Segment Start: GIVEN DATA

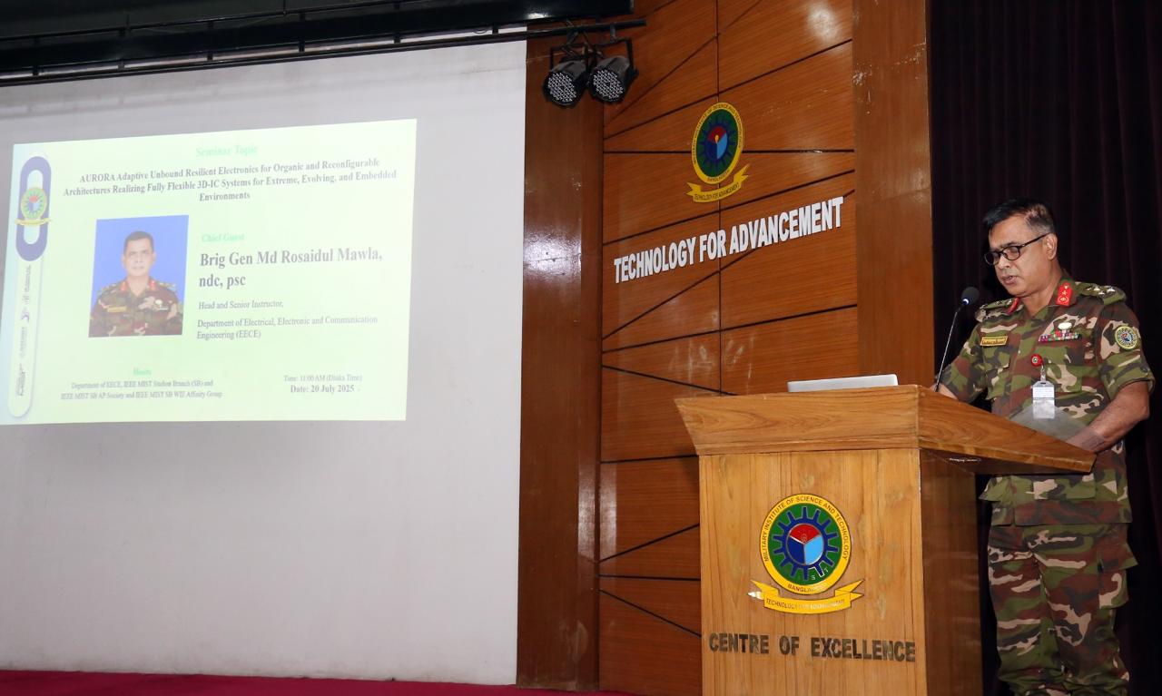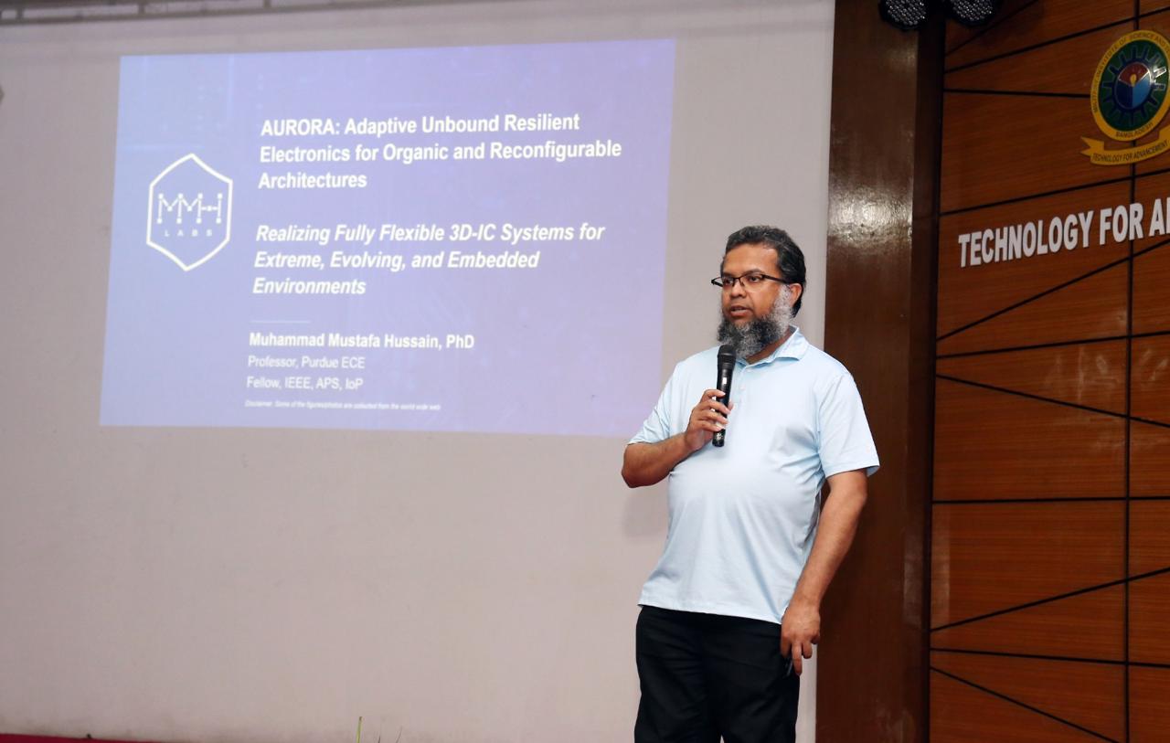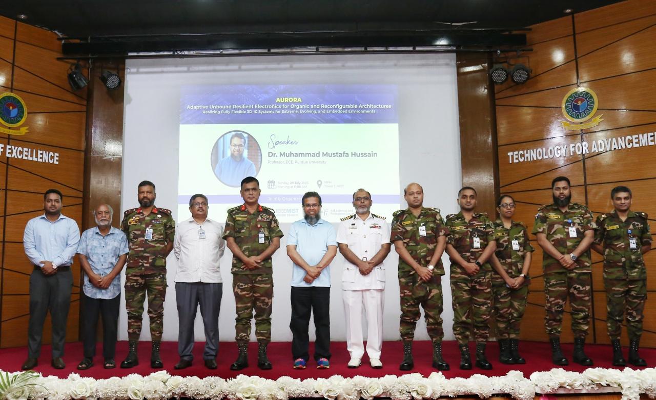 Military Institute of Science and Technology (MIST) proudly hosted a visionary technical session on 20 th July delivered by Prof. Dr. Muhammad Mustafa Hussain from Purdue University, a distinguished Fellow of IEEE. The session focused on AURORA—Adaptive Unbound Resilient Electronics, presenting a transformative outlook on the future of flexible 3D-IC systems and their far-reaching applications in healthcare, aerospace, and sustainable technologies.
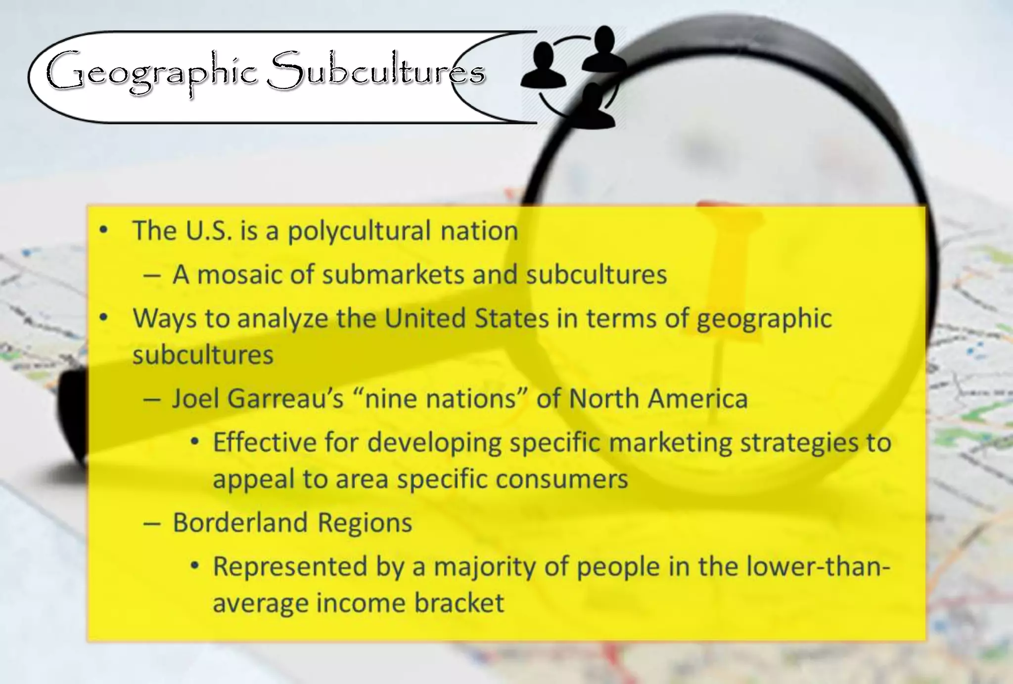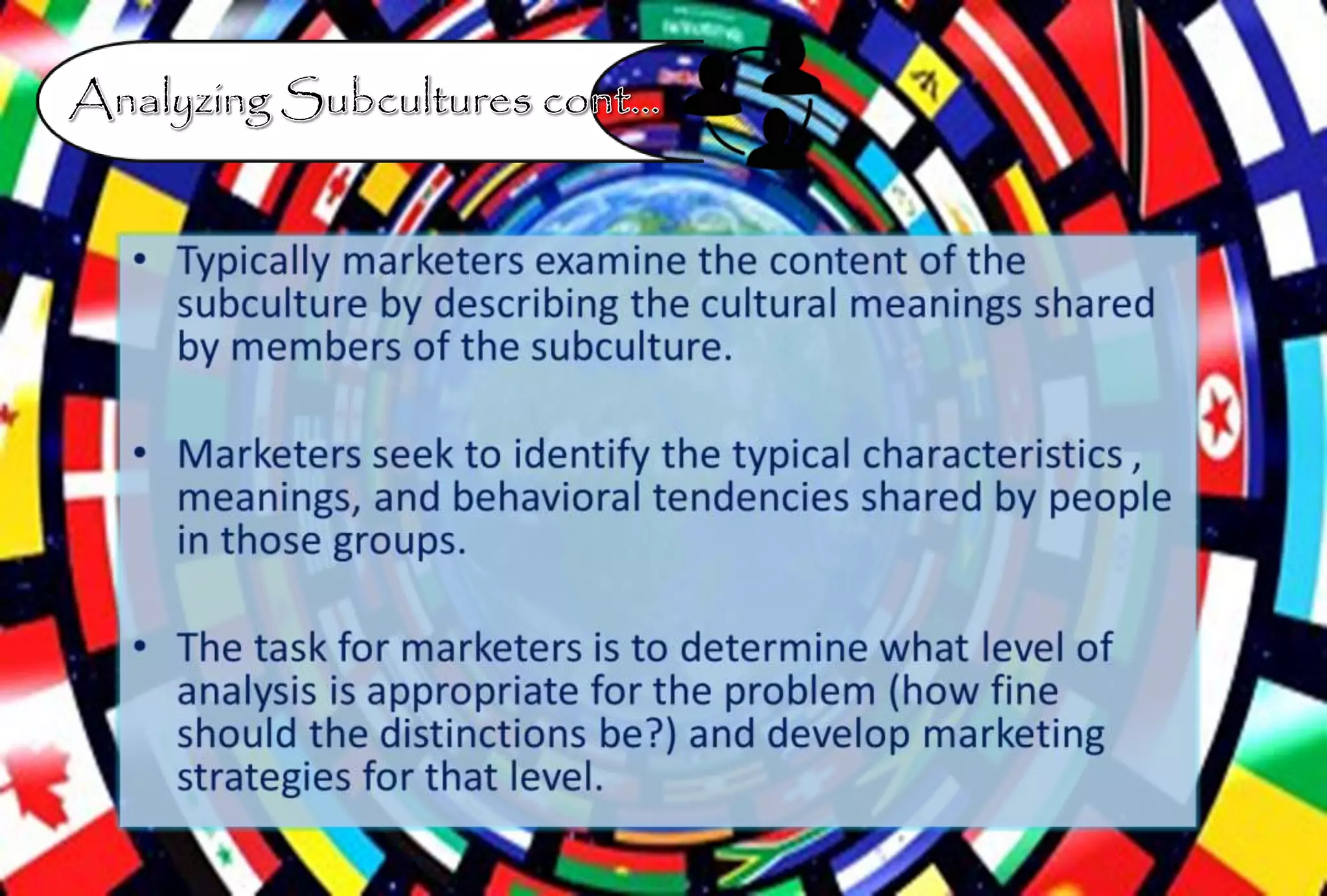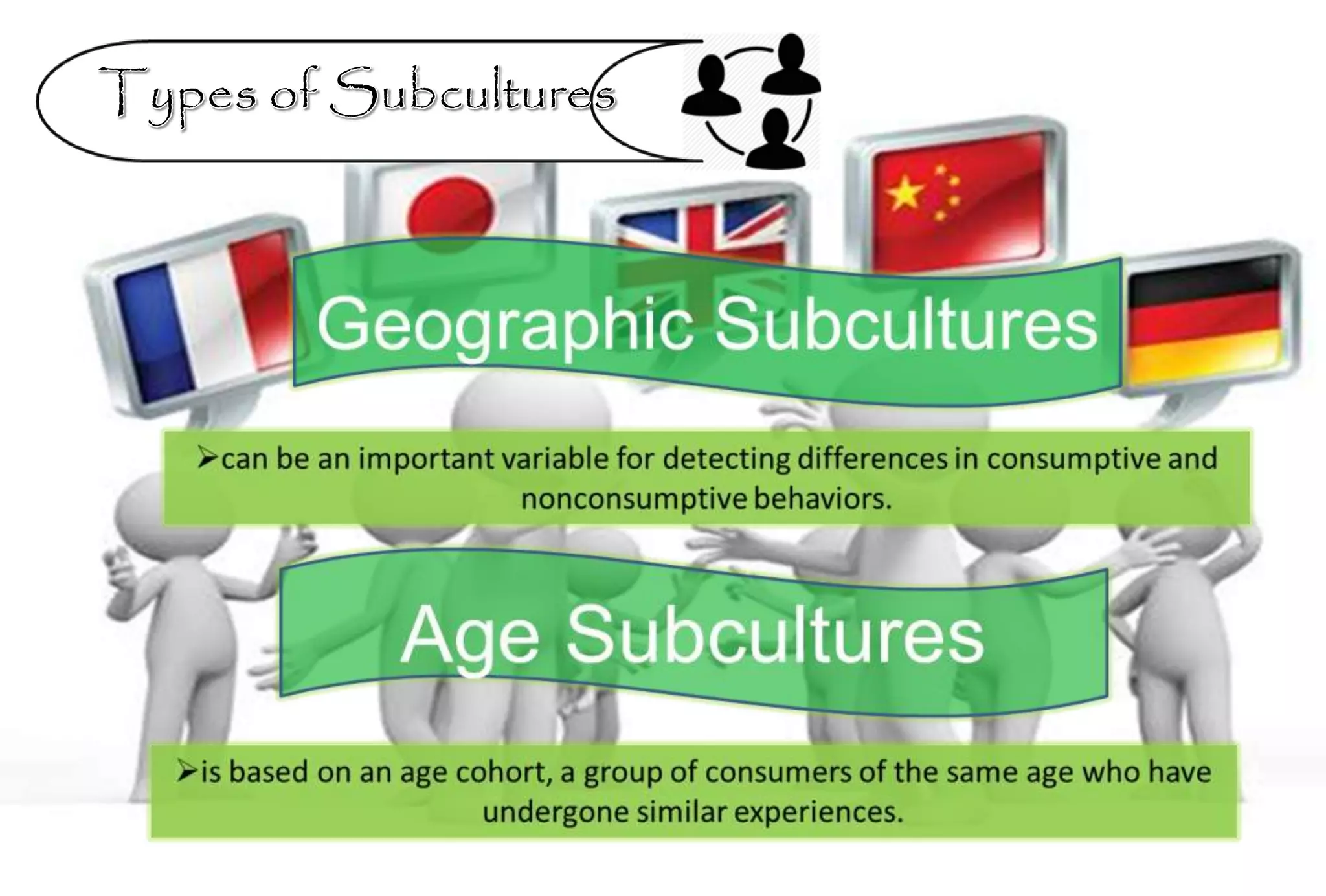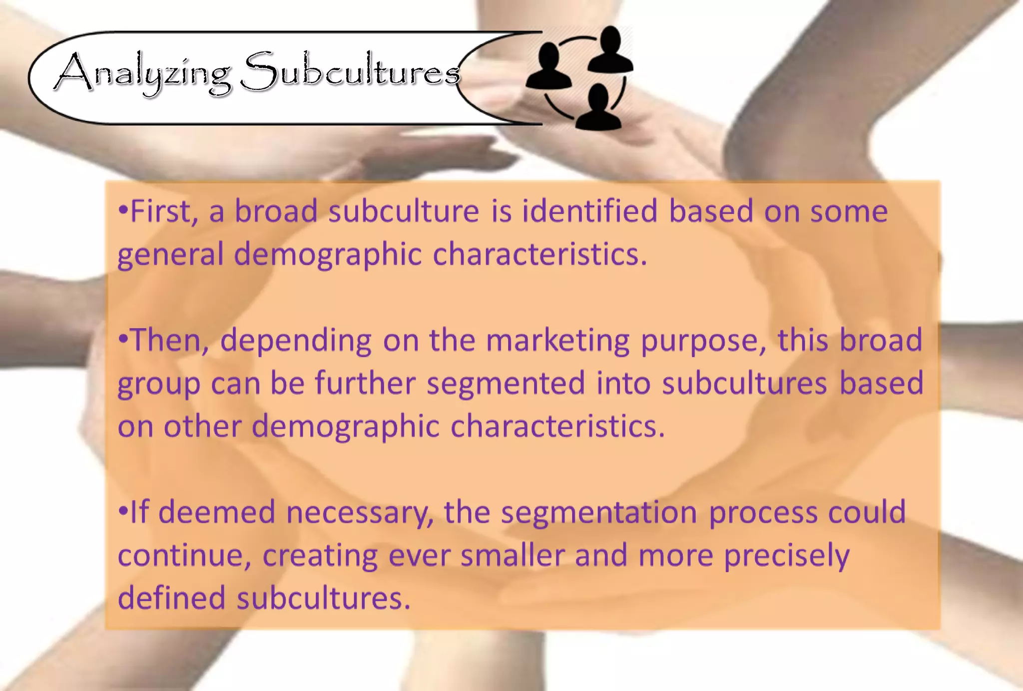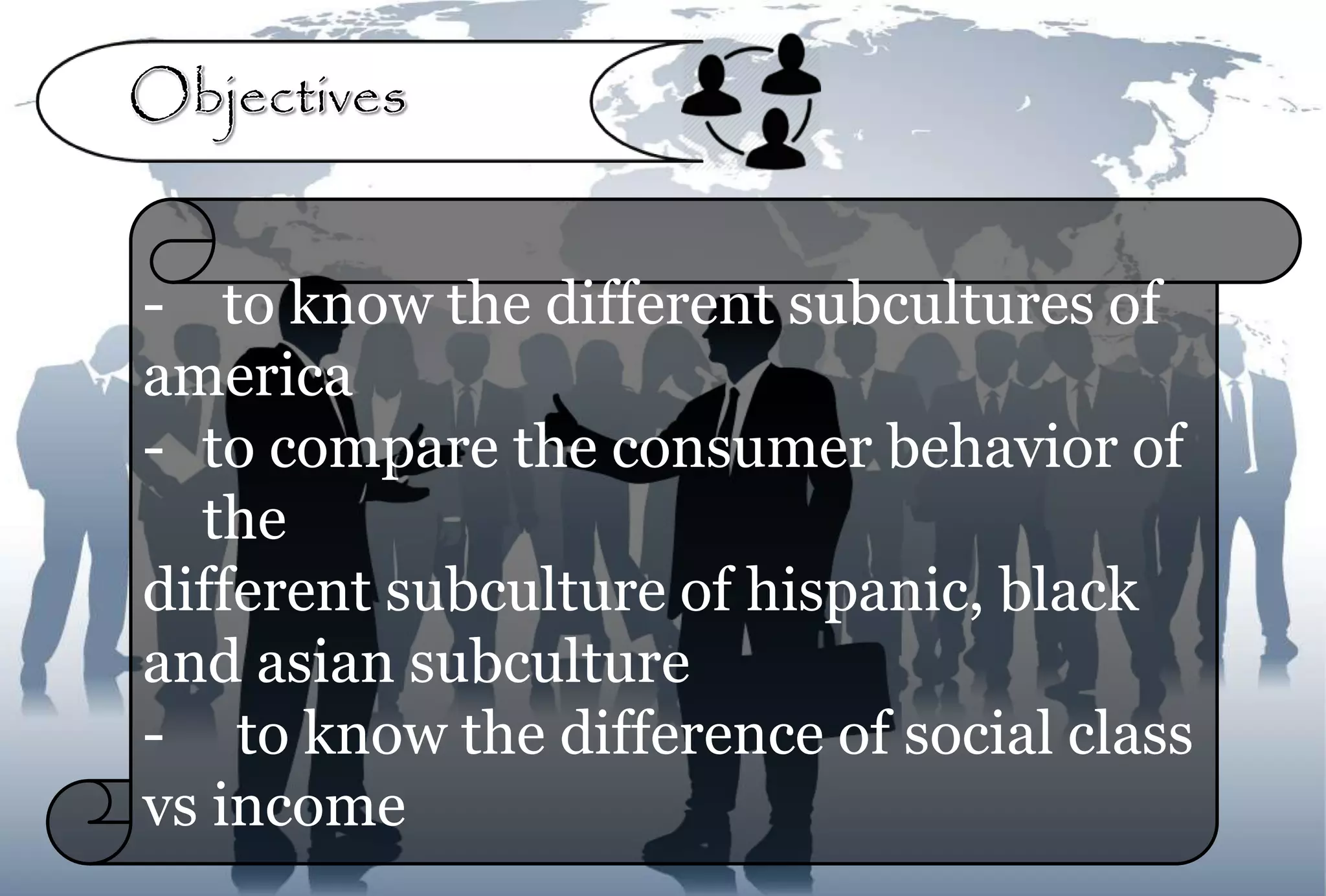 This document discusses consumer subcultures and social classes in the United States. It identifies several key subcultures including age (dividing older consumers into categories), ethnicity (focusing on Black, Hispanic, and Asian subcultures), and gender. Income levels are used to define three social classes - upper, middle, and lower class. The relationship between social class and income in predicting consumer behavior is also examined.
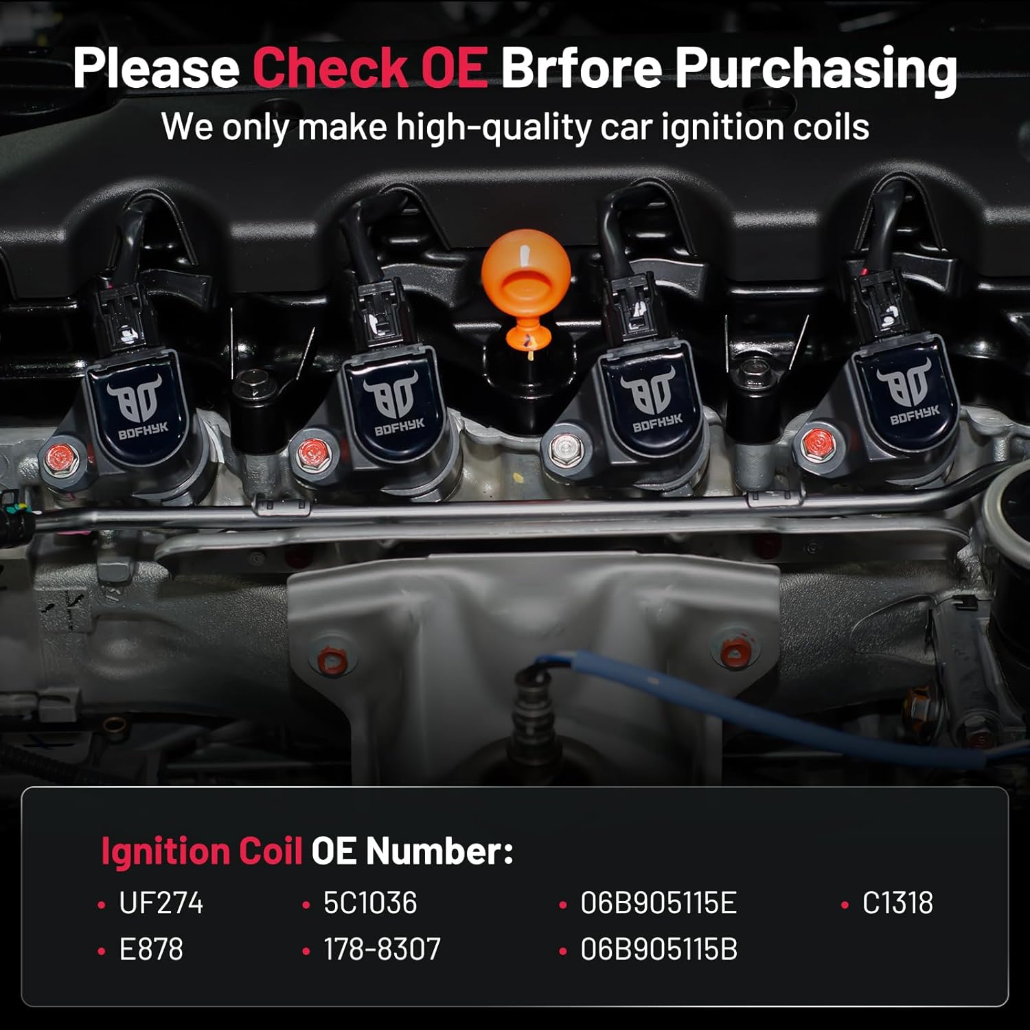 【OE Standard Performance】Exquisite craftsmanship design, 100% brand new high quality ignition coil pack, OE grade durability, bring you ultimate comfortable driving experience.OE No.06B905115B 06B905115E UF274 5C1036 C1318 178-8307 E878.
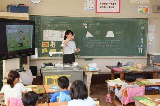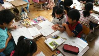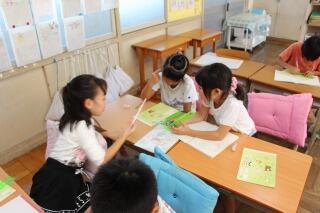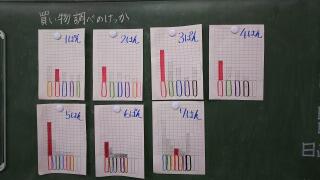 「おうちの人が、どこで買い物しているか調べよう。」というめあてで、先週から一週間、子どもたちに買い物調べの宿題を出しました。そして、今日の授業では、グループごとに統計し、棒グラフにまとめました。
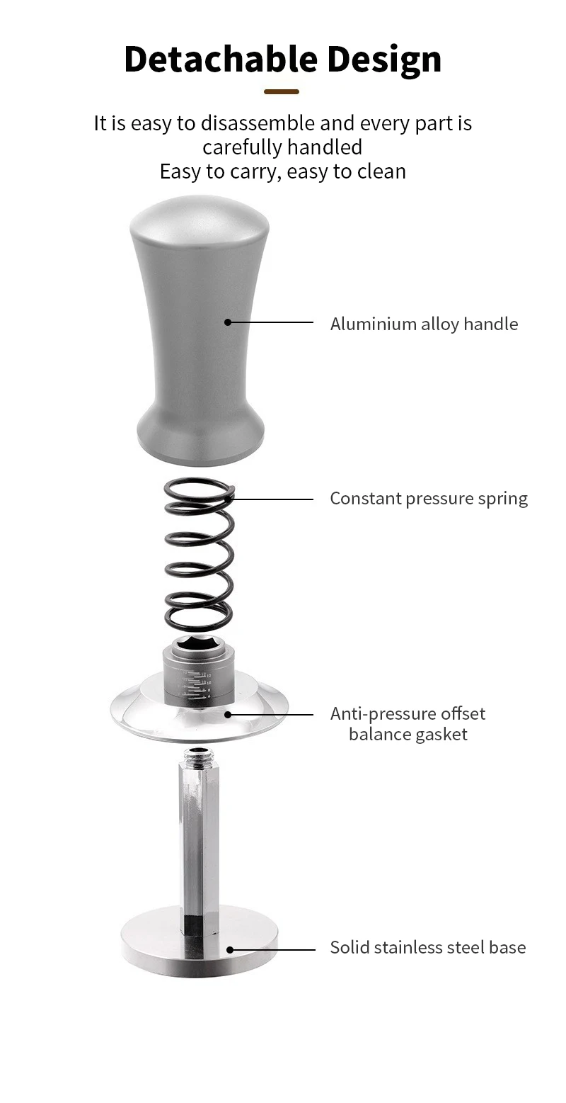 Achieve perfectly consistent tamping every time with this Calibrated Constant Pressure Coffee Tamper. Designed with a built-in spring mechanism delivering 30 lbs (13.5 kg) of pressure, it ensures uniform tamping force — improving espresso extraction, crema, and flavor consistency.
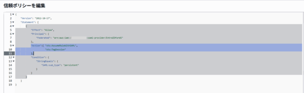 ロールが作成出来たら、ロールの信頼関係設定で、信頼ポリシーのActionに”sts:TagSession”を追加し、保存します。

Segment End: GIVEN DATA

» **PROBLEM**
Copy the records exactly, minus any pictures.

» **EXERCISE RESULT**
 Military Institute of Science and Technology (MIST) proudly hosted a visionary technical session on 20 th July delivered by Prof. Dr. Muhammad Mustafa Hussain from Purdue University, a distinguished Fellow of IEEE. The session focused on AURORA—Adaptive Unbound Resilient Electronics, presenting a transformative outlook on the future of flexible 3D-IC systems and their far-reaching applications in healthcare, aerospace, and sustainable technologies.
 This document discusses consumer subcultures and social classes in the United States. It identifies several key subcultures including age (dividing older consumers into categories), ethnicity (focusing on Black, Hispanic, and Asian subcultures), and gender. Income levels are used to define three social classes - upper, middle, and lower class. The relationship between social class and income in predicting consumer behavior is also examined.
 【OE Standard Performance】Exquisite craftsmanship design, 100% brand new high quality ignition coil pack, OE grade durability, bring you ultimate comfortable driving experience.OE No.06B905115B 06B905115E UF274 5C1036 C1318 178-8307 E878.
 「おうちの人が、どこで買い物しているか調べよう。」というめあてで、先週から一週間、子どもたちに買い物調べの宿題を出しました。そして、今日の授業では、グループごとに統計し、棒グラフにまとめました。
 Achieve perfectly consistent tamping every time with this Calibrated Constant Pressure Coffee Tamper. Designed with a built-in spring mechanism delivering 30 lbs (13.5 kg) of pressure, it ensures uniform tamping force — improving espresso extraction, crema, and flavor consistency.
 ロールが作成出来たら、ロールの信頼関係設定で、信頼ポリシーのActionに”sts:TagSession”を追加し、保存します。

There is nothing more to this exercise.